Town of Smyrna’s Movie Night gaining a following

SMYRNA — There’s probably no bloodthirsty, famous, toothy, oversized shark lurking in Lake Como … right?

The Town of Smyrna is promoting its free movie night Tuesday at dusk with a tongue-in-cheek approach that maybe raises some doubts:
“No Swimming in Lake Como, Unless you DARE Aug 21st,” begins the news and announcements item listed online at smyrna.delaware.gov.
“Movie Night at the Lake, Playing JAWS.”

The 1970s-style terrifying, suspenseful thriller is the latest theatrical installment in what officials hope will grow into a well-attended series drawing the community together. The town has also reached out to nearby Clayton and Cheswold residents to join the fun.

“We’re trying to bring in more people to enjoy the benefits of living here in Smyrna and coming to visit too,” said series organizer James Markow, a town billing and IT manager.

In case anyone is brave enough to enter Lake Como on “Jaws” night, the town will provide glow sticks for around the neck and Tiki torches to help illuminate the area. Free popcorn will be available and food trucks will be present for other treats.

Mr. Markow, for one, won’t venture anywhere near the water Tuesday, guaranteed.

“ ‘Jaws’ still scares me as much now as it did the first time I watched it,” he said.

The town’s July 19 movie series debut got off to an inauspicious start with the showing of “Jumanji: Welcome to the Jungle” at George C. Wright Jr. Municipal Park at 325 N. Main St. While the movie was well received by the 35 to 40 attendees, many folks left because “the bugs were bad.”

The town made sure to fog the area when “Black Panther” played for an audience of 40 to 50 on Aug. 10, and Mr. Markow said, “the bugs were not as bad.”

The parents surveyed afterward gave a thumbs-up to the experience.

“They said it was great, an easy way to use the playground equipment, watch a movie, go home and get them to bed,” Mr. Markow said. “I was like ‘Exactly!’ ”

Positive reviews

Mr. Markow, Vice Mayor Peter M. Retzlaff and Town Manager Gary Stulir hatched the movie series idea months ago after positive public reviews following a couple shows in 2017 and hope to continue it throughout the year as weather allows. The vice mayor received credit for billing “Jaws” as a must-have showing.
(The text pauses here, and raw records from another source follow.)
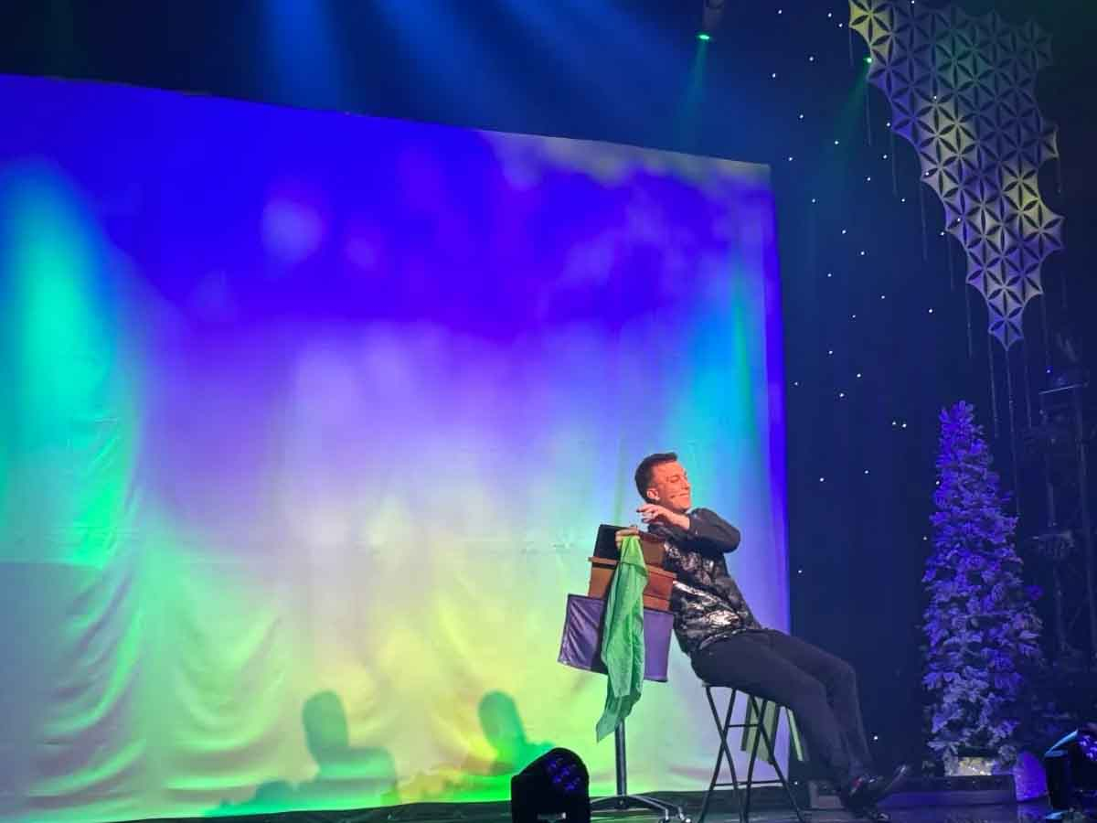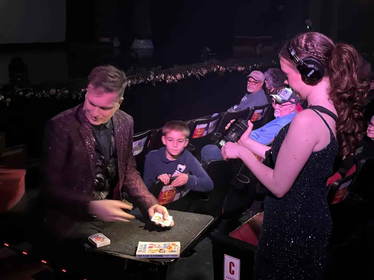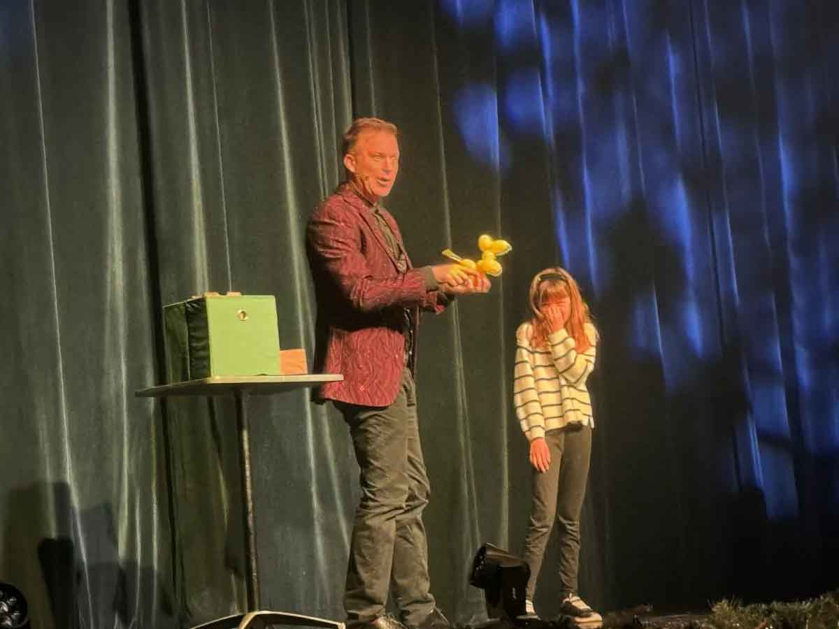Perhaps one of the most beloved elements of the Illusionation experience is the audience interaction, as Hudy is known to summon audience members of all ages to join him on stage during the show for a myriad of bits including a magical coloring book that features pages that vanish then subsequently reappear right before the audience’s very eyes , numerous up close and personal card tricks, and a fun and light hearted segment with “Pierre” the balloon animal, which the young lady volunteering on the day of our attendance was allowed to keep, much to her delight.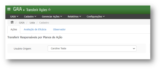 Na lista Usuário Origem, selecione o usuário que é atualmente responsável pelos planos de ação que se deseja transferir.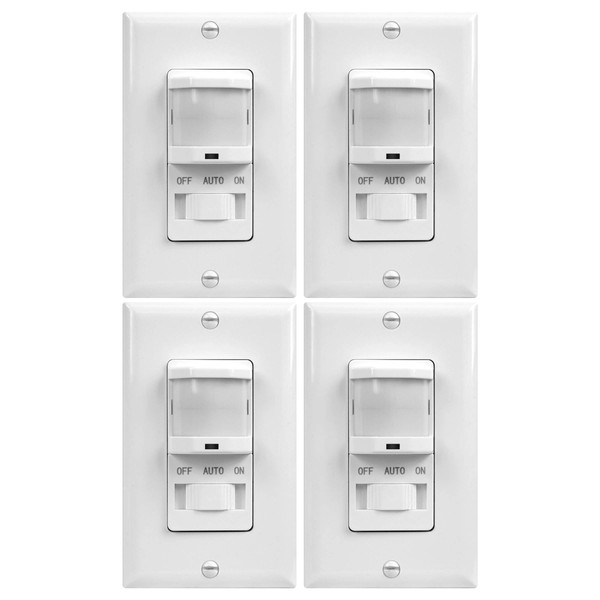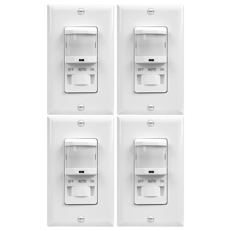 - 4-pack motion sensor switches automatically turn lights, fans, and motors on/off based on the occupancy and vacancy detected in a room
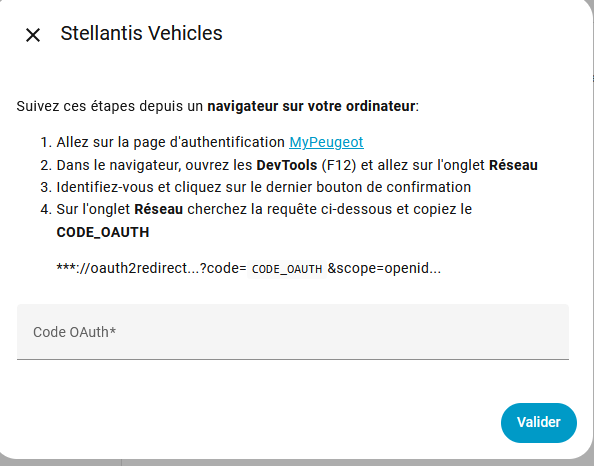Mypeugeot fonctionne sur mon smartphone (bluetooth donc trajets, e-routes, climatisation, charge, gadgets). Maintenant c’est l’integration Stellentis qui me réclame le code_oauth2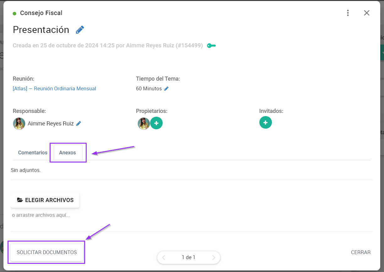 ¡NOVEDAD! Para garantizar una mayor seguridad y conformidad en el envio de los anexos directamente al portal, ahora es posible solicitar la adición de archivos dentro del item del orden del dia a invitados de la reunión. Para eso, haga lo siguiente: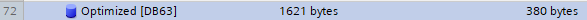 Much smaller, because there’s no reserved memory. It’s also 6 bytes smaller due to no header requirements by the Optimization system.

Other than that, Mr. Markow has turned to the younger generation to choose the shows. The emphasis is on attracting families to the movies.

“I’m not a movie buff buy my kids enjoy it and if they do I know others will,” Mr. Markow said.

Tentatively, “Grease” is scheduled for the big screen at Wright Park on Oct. 18, The movie, released 40 years ago, will coincide with Smyrna High’s homecoming parade and football game, along with the Historic Home Tour.

“Traditionally, the Smyrna High School alumni return for homecoming activities so we felt that it may give them another activity to attend when they come back to visit,” Mr. Stulir said. “The movies are a nice complement to the Smyrna Concert Series and annual Smyrna at Night events.”

The town plans to host at least two more movies in 2018, but the titles and dates are to be determined. Possible movies include both of “The Incredibles” flicks and “Avengers: Infinity War.”

“As we finalize the other movies, we will release the date and movie selection on our website, social media and app,” Mr. Stuliir said.

When it gets colder, Mr. Markow said, “we’ll serve hot chocolate.”

Mr. Retzlaff described the venture as “a great opportunity to give more back to the community. In my three years as vice mayor, I have had the opportunity to work with a great group of individuals on council, as well as the town staff, … and I feel it has always been a priority of council and town staff to give back to the community.

“As long as it continues to be successful and fiscally sound, I hope the movie nights in Smyrna continue in the future with bigger and better events.”

According to officials, each movie costs $300 to show due to a licensing fee. An 11 foot by 18 foot screen and small projector cost just under $400. The town used the public address system it already had to project the sound. The system was tested late last week to make sure there were no big screen glitches Tuesday.

Mr. Markow said he built a frame for the screen and an apparatus to attach it to the dock. Afterward, his 12-year-old daughter helps him take it down.

According to Vice Mayor Retzlaff, “Movie nights in Smyrna are a collaborative effort of town council, town management, and staff.

“The movie nights actually started last fall on a limited basis with some success, so we collectively decided to give it another chance this year on a full scale basis – based upon the positive reaction we, the town, were getting from the success of the Summer Concert Series we launched this year.”